Cyril, a masked boy, encounters a bulbous, bird-like creature. He stares at it briefly, then falls flat on the ground, unable to feel his face. He remains on the ground for approximately eighteen hours, then gets up, affirms “I’m good,” and runs off. Renée French does not reveal what happened during that eighteen-hour period at the beginning of Baby Bjornstrand, and the rest of the narrative is filled with similarly mysterious jumps in time. During these transitions from 10am to 1pm or “days later,” nothing much seems to have happened at all. Nothing has changed. Time is in soft focus.
French’s pencils are also characteristically soft, portraying a gray expanse with indistinct trees and hills in the distance. Cyril and his two friends wear masks; their faces are always hidden. Even the creature (whom they name Bjornstrand) wears a sheddable skin, its beak protruding through a hole. Like their surroundings, we can never really see any of the characters. One of the boys is said to have a tail, so who can say what they look like?
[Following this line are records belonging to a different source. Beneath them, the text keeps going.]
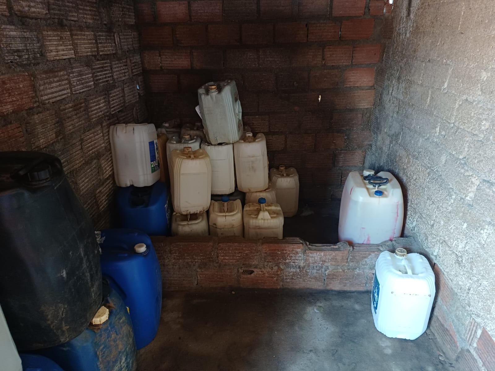 Cerca de 640 litros do material foram encontrados em vasilhames plásticos em um galpão
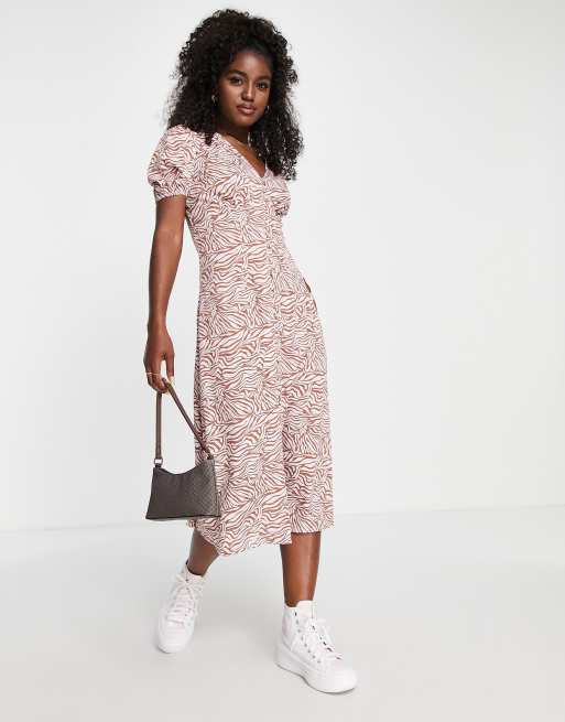 Wednesday s Girl button through midi tea dress in tonal pink zebra
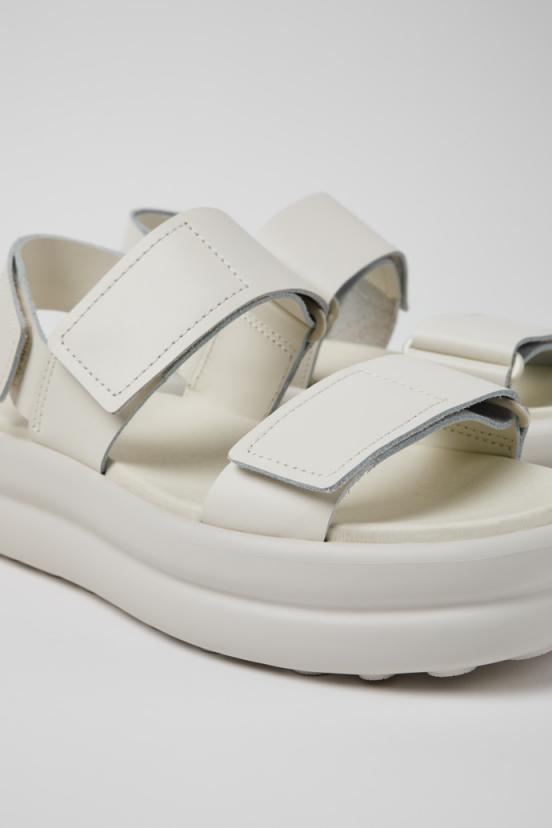 White leather women’s sandals with an EVA footbed, hook & loop system, and XL EXTRALIGHT EVA outsoles. This new version of Pelotas Flota, still inspired by inflatable objects, offers extra height with a unique, easy-fit design and a fresh, summery look.
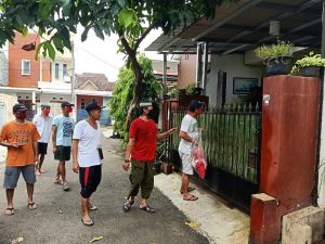 Klikterus.com-Tangsel-Warga Perumahan Villa Dago Tol RT 11/19 Kelurahan Serua, Ciputat terus bergotong-royong mencegah penyebaran Covid-19. Upaya yang dilakukan warga diantaranya berbagi masker dan sanitazer ke warga lainnya.
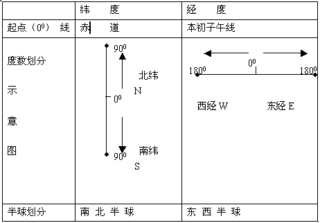[提出問題] 緯度的劃分比較簡(jiǎn)單。經(jīng)度的劃分比較難,請(qǐng)同學(xué)們討論完成經(jīng)度劃分、東西半球劃分的內(nèi)容。比一比,看哪組同學(xué)觀察更細(xì)、總結(jié)歸納的更準(zhǔn)確、更利于同學(xué)理解和掌握。討論結(jié)果可以按項(xiàng)目填入表中
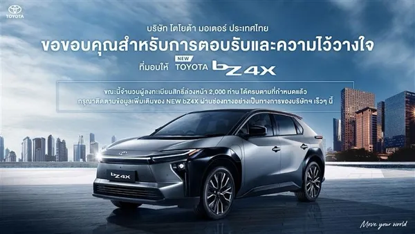 บริษัท โตโยต้า มอเตอร์ ประเทศไทย จำกัด ขอขอบคุณสำหรับการตอบรับและความไว้วางใจ ที่มอบให้ NEW TOYOTA bZ4X ซึ่งล่าสุดเมื่อวันที่ 29 กันยายน 2568 ทางโตโยต้าได้รับยอดผู้ลงทะเบียนสิทธิ์ล่วงหน้าครบตามจำนวน 2,000 ท่าน เป็นที่เรียบร้อยแล้ว
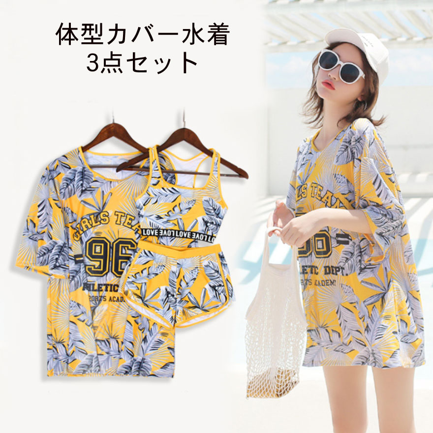 体型カバー 水着 タンキニ レディース タンキニ ビキニ水着 セパレート 3点セット 水着 スポーツ風 露出控えめ

The characters’ dialogue gives us something to hold onto. It’s concrete, relatable, and funny. French literally colors the gray of her world with it, giving each character a distinct hue (the protagonists get primary colors while Bjornstrand gets an alien green for its hoots). The boys speak like adolescents, calling each other names, discussing bugs, butts, and farts. They talk like Beavis and Butthead, if Beavis and Butthead ever gazed into the abyss.
After that first encounter, all three boys are both frightened and intrigued by the creature. Cyril is the most fascinated; Bjornstrand regularly disappears into the sea and Cyril waits patiently for its return. When it does, he pokes it, talks to it, feeds it, and accessorizes it. Bjornstrand offers nothing in response except for an occasional cryptic hoot. It is impossible for Cyril to know what Bjornstrand thinks about him or their relationship. His friend Marcel expresses jealousy of their bond because, like that with a pet, he cannot see how much of it relies on Cyril’s imagination.
In fact, their bond can be best understood as an extreme version of the relationships we have with our pets. The boys even use Bjornstrand for protection against a nasty bug creature. In another story, a confrontation with the unknown might unlock repressed urges or fears in the protagonists, their reactions to it mirroring larger society’s anxieties about whatever you’d like. But French’s characters embrace this mystery, call it their own, invent stories about it, and impose bonds upon it.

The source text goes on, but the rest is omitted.